Mila’s family strength extends to the scientific. Her brother and both parents pursue the empirical, stemming back to their lives in the Ukraine. “They’d both been scientists and had to come here and start over,” she says. Since science is close to both her life and the current political climate, what does she think about claims that there’s currently a “war on science” being waged from the White House? “I don’t know if I’d use the words ‘war on science’ because they seem really strong. But I do know that we’ve cut funding for research in areas like stem cells and the space program and things that will move us forward as a country.” Though she stops short of the word “war,” she continues, “It’s like we’re censoring science by starving it of funding. My friend’s father is a scientist at UCLA where a lot of their research is government funded. I know that when Bush took office his funding got cut and he lost his job.” She grimaces at the notion of this regression. “I’m just ready to be moving forward instead of backward.”

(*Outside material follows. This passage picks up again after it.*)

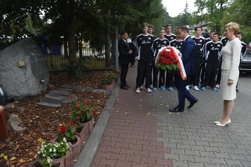 Uroczystość złożenia pamiątkowego wieńca trwała kilka minut. Na miejsce Andrzej Duda przybył wraz ze swoja małżonką, Agatą. Para odebrała kwiaty z rąk młodzieżowej reprezentacji Polski w siatkówce, która przybywa w Spale na zgrupowaniu. Na koniec krótkiej uroczystości, prezydent przywitał się z młodymi sportowcami oraz pozował do pamiątkowych zdjęć.

Now splitting her time between coasts with the added bonus of a New York born-and-bred boyfriend, Mila’s had her share of Big Apple moments. I can hear her grin as she recounts, “my favorite New York moment! I had just started dating my boyfriend, and we were down on the Lower East Side, at like Houston and Broadway, and we walked all the way to my place at like 54th and 7th. It was pouring down rain and from one until three in the morning we walked the entire city. Through Washington Square Park and Union Square and we felt like we were the only people left in the city.” She delights in the memory. “It’s my most perfect New York experience.”

As we hang up and I send her back to her boyfriend, I tell her to enjoy the replay of the debate. She says, “I’ve got it pulled up on YouTube right now!” Well, whomever Mila Kunis casts her ballot for in November, you can be sure it will be a well thought through decision.